How New Research in Cell Reprogramming Holds Hope for Type 1 Diabetes Treatment

Ask the average person about diabetes and they’ll probably answer that it has something to do with eating too much candy or being overweight. For people living with  type 1 diabetes, these myths mask what is for them a daily grind of blood glucose monitoring, insulin shots, and hyperawareness of diet that quite literally keeps them alive.

Type 1 diabetes, unlike type 2, is an autoimmune disease in which the immune system targets and destroys the insulin-producing beta cells in the pancreas. Without insulin, the body can’t control the level of glucose in the blood generated through diet. People with type 1 must monitor their blood sugar levels regularly throughout the day, adjusting diet and administering insulin as necessary. The more they check, the better they manage the disease—some only a few times a day, others many more. And that disease management can change over the years, with many developing complications—for example, hypoglycemia unawareness, which prevents people from sensing dangerously low levels of blood glucose.

Raise the idea of a cure, however, and people with type 1 diabetes are skeptical. “When I think of the word cure as it relates to type 1 diabetes, I get excited and annoyed at the same time,” says Anna Floreen, outreach manager at the T1D Exchange—a Boston-based organization dedicated to improving the lives of people touched by type 1 diabetes by driving faster, better research, and improving the quality of care. “On one hand, I can’t wait for the day of no finger pokes, insulin pump site changes, and that constant worry and guilt that not having ‘good enough’ control may lead to a future of complications and physical limitations.
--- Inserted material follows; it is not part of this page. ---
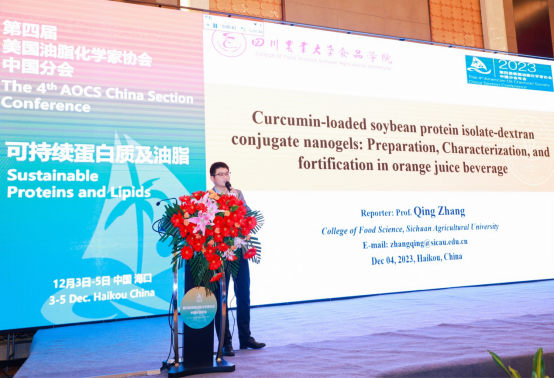 CNAOCS旨在促进中国现代油脂和蛋白质领域的科学研究、技术创新、产业发展和国际合作,本届年会的主题是可持续蛋白质及油脂。张清受邀以“负载姜黄素的大豆分离蛋白-葡萄糖纳米凝胶:制备、表征、和在橙汁饮料中的强化”为题作大会报告,详细介绍了姜黄素的生物活性以及健康功效,并将负载姜黄素的大豆分离蛋白-葡萄糖轭合物纳米凝胶这一复合材料成功应用与橙汁饮料的营养强化。研讨会期间,食品学院教师与参会代表进行了广泛交流。

On the other hand, as someone who was diagnosed nearly 30 years ago, I feel really skeptical when I see news promising yet another cure.”

The Future Is Plastic

Researchers across Harvard are conducting research aimed at managing—or even curing—diabetes. And their approaches are as varied as the disease itself. Doug Melton, Xander University Professor and co-director of the Harvard Stem Cell Institute, uses human embryonic stem cells to develop insulin-producing beta-cells. Denise Faustman, director of the Immunobiology Laboratory at Massachusetts General Hospital and an associate professor of medicine at Harvard Medical School, is testing a vaccine that may improve or even reverse the disease. Rohit Kulkarni, a senior investigator at Joslin Diabetes Center and professor of medicine at Harvard Medical School, explores why the immune system attacks the body and how to regenerate the beta cells it destroys.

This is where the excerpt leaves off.